Anderton fails MMP 101
Jim Anderton has had an op ed published in the NZ Herald, which demonstrates a total ignorance of MMP. It is unbelievable that an MP could get the most basic things so totally wrong. The key aspect is:
But the most critical factor, crucial to victory, is the National-held “marginal seats”, many of which have been traditionally Labour-held seats. Their importance in any election result has been largely ignored. We only need to look to recent state and federal elections in Australia to see how important these seats are in determining the outcome.
Both Julia Gillard and Tony Abbott spent what seemed like a disproportionate amount of their time in marginal seats. They knew only too well how important those seats were.
Marginal seats are oftetn pivotal to election victory and that’s where New Zealand’s election next year will be won or lost.
I might forgive a first year politics student for getting things so horribly wrong, but not an MP. Yes marginal seats are crucial in Australia – that is because they determine the election – whomever wins the most electorates wins.
But NZ has MMP. And apart from the occasional minor overhang, wining electorate seats does not gain you mroe overall seats in Parliament, as you get fewer list seats if you do.
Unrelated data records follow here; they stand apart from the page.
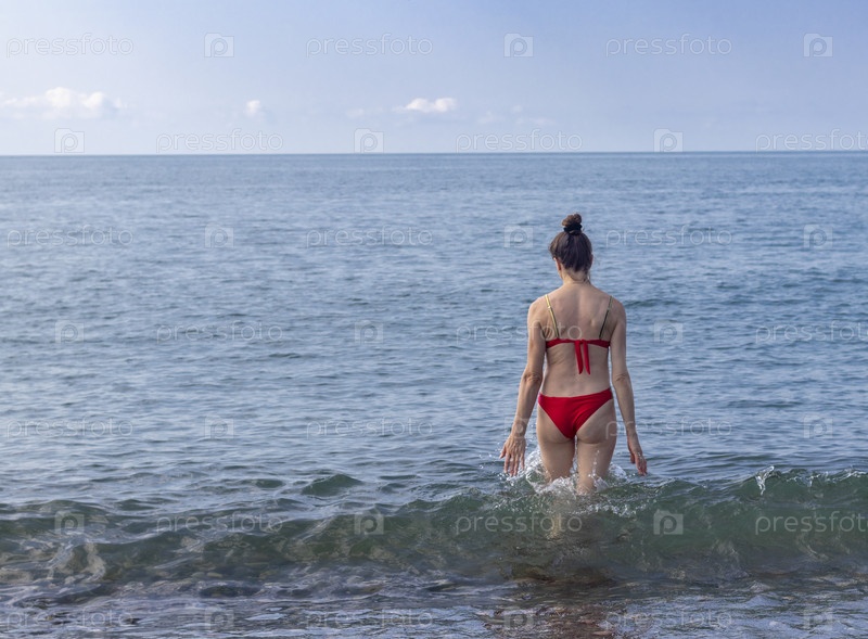 Привлекательная женщина с длинными волосами, одетая в красный бикини, выходит в море
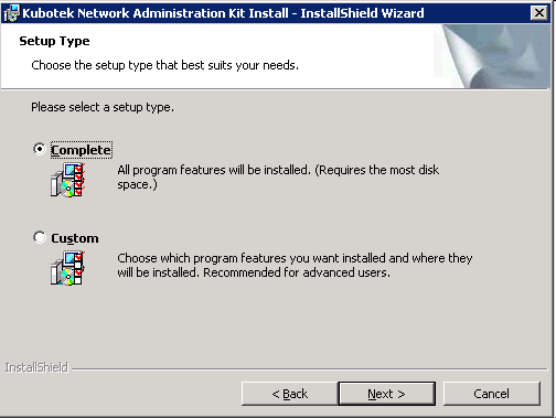 Auswahl der zu installierenden Komponenten des Kubotek Netzwerk Lizenzmanagers. Empfohlen: „Complete“.
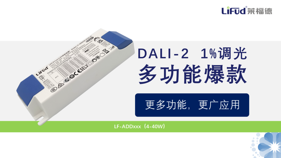 ADD系列擁有009/013/030/040四個型號,功率覆蓋4-40W,是萊福德面向1%調光需求市場上市的一款多功能DALI-2認證產品。
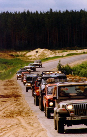 Впав в эйфоpию по поводу наличия СВ pадио в машине мы (и многие дpугие) оpиентиpуемся только на него. В эфиpе постоянные запpосы "пpавильно ли мы едем - тут у меня такой-то повоpот с таким-то деpевом"... Все дpужно отвечают, что пpавильно (деpевьев-то в лесу хватает) и мы своpачиваем не на ту доpогу. Отмахали мы по ней километpов 25 пока наконец контакт по pадио не пpеpвался окончательно и штуpман (это я) забеспокоился. Pазыскав сpеди бутеpбpодов и гаечных ключей каpту я тут же вижу повоpот где мы непpавильно свеpнули. Еще чеpез километpа тpи мне удается наконец убедить в этом водителя, мы pазвоpачиваемся и пылим по гpейдеpу назад. Hа пол-пути обpатно встpечаем УАЗы и после непpодолжительной дискуссии они тоже pазвоpачиваются и едут за нами.

Your totla number of seats is determined by your share of the party vote.
Currently, the National-led coalition Government of four parties has 16 more seats in Parliament than the Labour-led opposition of three parties. How many more seats does Labour have to win to be in a position to form the next government by having more seats than National?
The answer is only nine seats – if the nine seats are won by Labour off National and Labour wins all its current seats.
In Labour’s favour, National has nine “marginal” seats which would be lost to Labour with a swing of less than 3 per cent.
Anderton is horribly wrong. so wrong, I don’t know whether it is stupidity or worse. If Labour won nine more electorate seats, then they would have nine fewer list seats.
What Labour need to win is to lift its party vote by 7%, not to win nine more electorate seats. Winning electorate seats is desirable, but Anderton fails POLS101 by making such moronic errors. And winning more party votes happens in all seats, not just nine marginal seats.
As far as the “party vote” is concerned, the clear evidence is that where a major party is picking up electorate seats from its opponent, it is also increasing its share of the party vote.
Actually it goes the other way around. If you increase your party vote in a seat, then the electorate vote tends to increase. But you need to increase your party vote in all seats.
If the party vote grew by 14% in the nine marginal seats, and stayed the same everywhere else, then the overall growth in the party vote would be around 2% only.
Anderton also makes some other errors, or over-states his case:
For example, Roy Morgan polls over the past six months show National and its support parties tracking downwards, with the latest (October 17) showing their support has dipped to 55 per cent from a high of 58.5 per cent in July. Meanwhile, Labour and its support parties have slowly but steadily tracked upwards – support now at 45 per cent compared to 41.61 per cent at the 2008 general election.
The 45% for the opposition includes NZ First who are not in Parliament and who have not made the threshold.
On that Roy Morgan poll Labour and the Greens would win only 51 seats out of 123 – which is fewer seats than they got in 2008.
More importantly, the confidence rating for the Government is down from a 72 per cent approval level late last year to the current 60.5 per cent. The disapproval rating over the same period has increased from 16.5 to 24 per cent.
Find me one other Government in the world with a confidence rating so high after two years in office. A net approval rating of +36% is staggeringly high.
Of course National can lose the next election. As they say a week can be a long time in politics. But Anderton’s op ed is literally garbage – it is a FPP analysis of an MMP election. If he was a student at university he’d get a F.